Many conjectures and arguments involving the Riemann zeta function can be heuristically translated into arguments involving the polynomials ${P_t(Z)}$, which one can view as random degree ${N}$ polynomials if ${t}$ is interpreted as a random variable drawn uniformly at random from ${[T,2T]}$. These can be viewed as providing a “toy model” for the theory of the Riemann zeta function, in which the complex analysis is simplified to the study of the zeroes and coefficients of this random polynomial (for instance, the role of the gamma function is now played by a monomial in ${Z}$). This model also makes the zeta function theory more closely resemble the function field analogues of this theory (in which the analogue of the zeta function is also a polynomial (or a rational function) in some variable ${Z}$, as per the Weil conjectures). The parameter ${N}$ is at our disposal to choose, and reflects the scale ${\approx N/\log T}$ at which one wishes to study the zeta function. For “macroscopic” questions, at which one wishes to understand the zeta function at unit scales, it is natural to take ${N \approx \log T}$ (or very slightly larger), while for “microscopic” questions one would take ${N}$ close to ${1}$ and only growing very slowly with ${T}$. For the intermediate “mesoscopic” scales one would take ${N}$ somewhere between ${1}$ and ${\log T}$. Unfortunately, the statistical properties of ${P_t}$ are only understood well at a conjectural level at present; even if one assumes the Riemann hypothesis, our understanding of ${P_t}$ is largely restricted to the computation of low moments (e.g., the second or fourth moments) of various linear statistics of ${P_t}$ and related functions (e.g., ${1/P_t}$, ${P'_t/P_t}$, or ${\log P_t}$).

Let’s now heuristically explore the polynomial analogues of this theory in a bit more detail.

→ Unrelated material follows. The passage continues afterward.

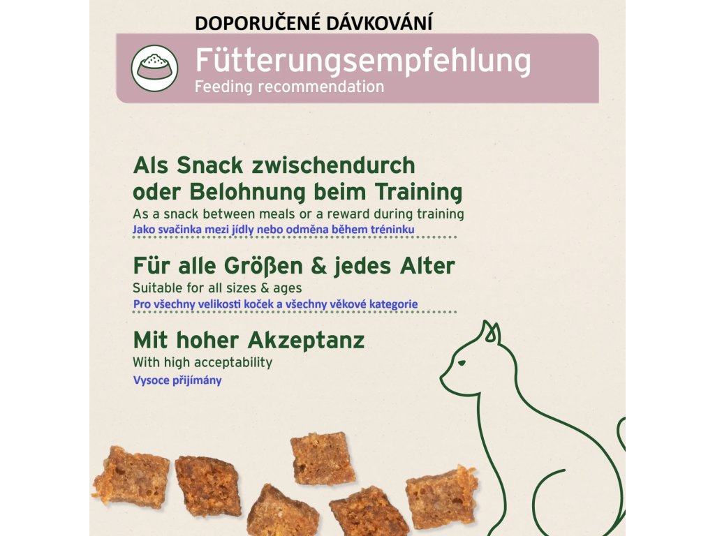 - Chutný a druhově vhodný pamlsek pro kočky všech věkových kategorií

The Riemann hypothesis basically corresponds to the assertion that all the ${N}$ zeroes of the polynomial ${P_t(Z)}$ lie on the unit circle ${|Z|=1}$ (which, after the change of variables ${Z = e^{2\pi i z/N}}$, corresponds to ${z}$ being real); in a similar vein, the GUE hypothesis corresponds to ${P_t(Z)}$ having the asymptotic law of a random scalar ${a_N(t)}$ times the characteristic polynomial of a random unitary ${N \times N}$ matrix. Next, we consider what happens to the functional equation

$\displaystyle \zeta(s) = \chi(s) \zeta(1-s) \ \ \ \ \ (5)$

where

$\displaystyle \chi(s) := 2^s \pi^{s-1} \sin(\frac{\pi s}{2}) \Gamma(1-s).$

A routine calculation involving Stirling’s formula reveals that

$\displaystyle \chi(\frac{1}{2}+it) = (1+o(1)) e^{-2\pi i L(t)} \ \ \ \ \ (6)$

with ${L(t) := \frac{t}{2\pi} \log \frac{t}{2\pi} - \frac{t}{2\pi} + \frac{7}{8}}$; one also has the closely related approximation

$\displaystyle \frac{\chi'}{\chi}(s) = -\log T + O(1) \ \ \ \ \ (7)$

and hence

$\displaystyle \chi(\phi_t(z)) = (1+o(1)) e^{-2\pi i \theta(t)} e^{2\pi i z} \ \ \ \ \ (8)$

when ${z = o(\log T)}$. Since ${\zeta(1-s) = \overline{\zeta(\overline{1-s})}}$, applying (5) with ${s = \phi_t(z)}$ and using the approximation (2) suggests a functional equation for ${P_t}$:

$\displaystyle P_t(e^{2\pi i z/N}) = e^{-2\pi i L(t)} e^{2\pi i z} \overline{P_t(e^{2\pi i \overline{z}/N})}$

or in terms of ${Z := e^{2\pi i z/N}}$,

$\displaystyle P_t(Z) = e^{-2\pi i L(t)} Z^N \overline{P_t}(1/Z) \ \ \ \ \ (9)$

where ${\overline{P_t}(Z) := \overline{P_t(\overline{Z})}}$ is the polynomial ${P_t}$ with all the coefficients replaced by their complex conjugate. Thus if we write

$\displaystyle P_t(Z) = \sum_{j=0}^N a_j Z^j$

then the functional equation can be written as

$\displaystyle a_j(t) = e^{-2\pi i L(t)} \overline{a_{N-j}(t)}.$

We remark that if we use the heuristic (3) (interpreting the cutoffs in the ${n}$ summation in a suitably vague fashion) then this equation can be viewed as an instance of the Poisson summation formula.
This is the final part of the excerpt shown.